* EXERCISE PROMPT
Beginning with the line below that contains "Pantauan di lokasi" and ending with the line that contains "水陸両用バックホウ 極東建設株式会社 水中施工のスペシャリスト集団", copy every line exactly. Copy nothing else.

* DATA FOR ANALYSIS

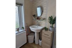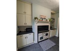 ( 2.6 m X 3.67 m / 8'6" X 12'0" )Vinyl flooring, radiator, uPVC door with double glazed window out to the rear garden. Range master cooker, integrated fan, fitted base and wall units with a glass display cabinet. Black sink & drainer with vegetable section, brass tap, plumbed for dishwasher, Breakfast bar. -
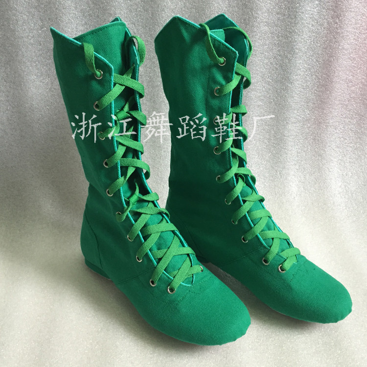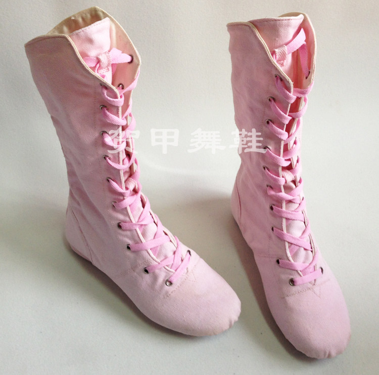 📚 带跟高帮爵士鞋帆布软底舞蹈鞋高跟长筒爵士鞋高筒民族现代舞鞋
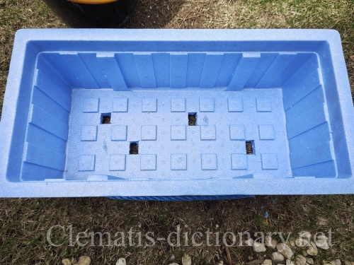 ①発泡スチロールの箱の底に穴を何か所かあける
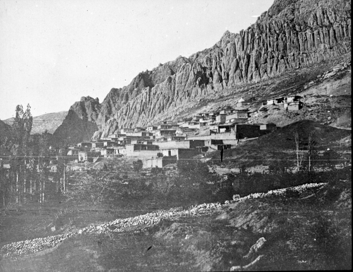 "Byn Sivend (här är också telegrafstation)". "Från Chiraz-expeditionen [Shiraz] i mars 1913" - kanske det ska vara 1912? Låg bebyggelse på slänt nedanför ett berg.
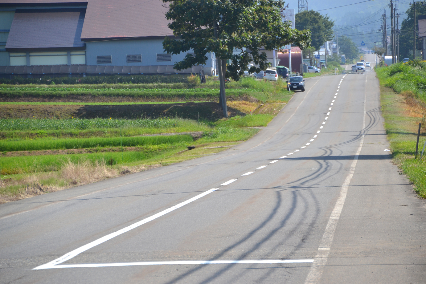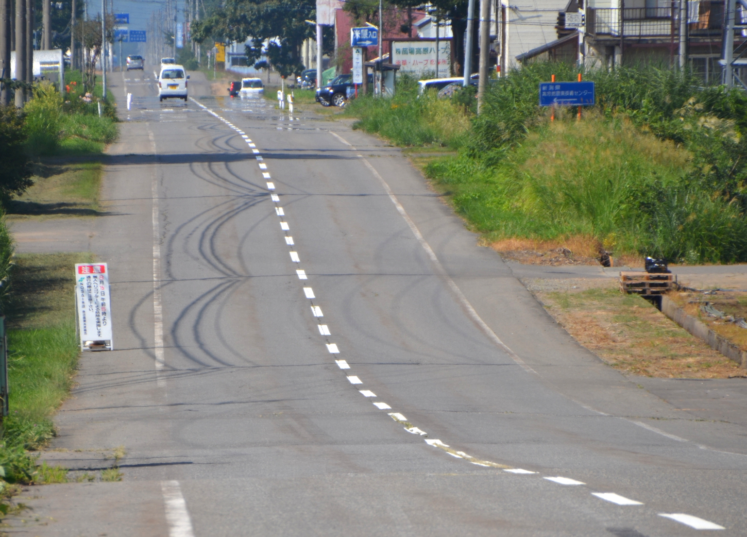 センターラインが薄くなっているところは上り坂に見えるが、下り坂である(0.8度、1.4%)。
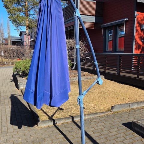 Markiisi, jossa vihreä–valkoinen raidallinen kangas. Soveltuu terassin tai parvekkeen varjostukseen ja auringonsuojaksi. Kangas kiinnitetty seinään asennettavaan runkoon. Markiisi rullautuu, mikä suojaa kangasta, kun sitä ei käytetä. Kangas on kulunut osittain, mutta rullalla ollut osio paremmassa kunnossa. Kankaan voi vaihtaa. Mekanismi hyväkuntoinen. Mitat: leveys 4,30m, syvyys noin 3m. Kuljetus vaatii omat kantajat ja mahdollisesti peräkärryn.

* * *

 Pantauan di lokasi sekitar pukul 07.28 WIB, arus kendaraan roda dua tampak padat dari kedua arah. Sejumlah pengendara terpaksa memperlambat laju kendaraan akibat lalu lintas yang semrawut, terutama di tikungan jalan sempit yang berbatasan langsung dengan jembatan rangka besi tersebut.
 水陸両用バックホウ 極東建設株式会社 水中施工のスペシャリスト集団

* SOLVED PROBLEM
 Pantauan di lokasi sekitar pukul 07.28 WIB, arus kendaraan roda dua tampak padat dari kedua arah. Sejumlah pengendara terpaksa memperlambat laju kendaraan akibat lalu lintas yang semrawut, terutama di tikungan jalan sempit yang berbatasan langsung dengan jembatan rangka besi tersebut.
 水陸両用バックホウ 極東建設株式会社 水中施工のスペシャリスト集団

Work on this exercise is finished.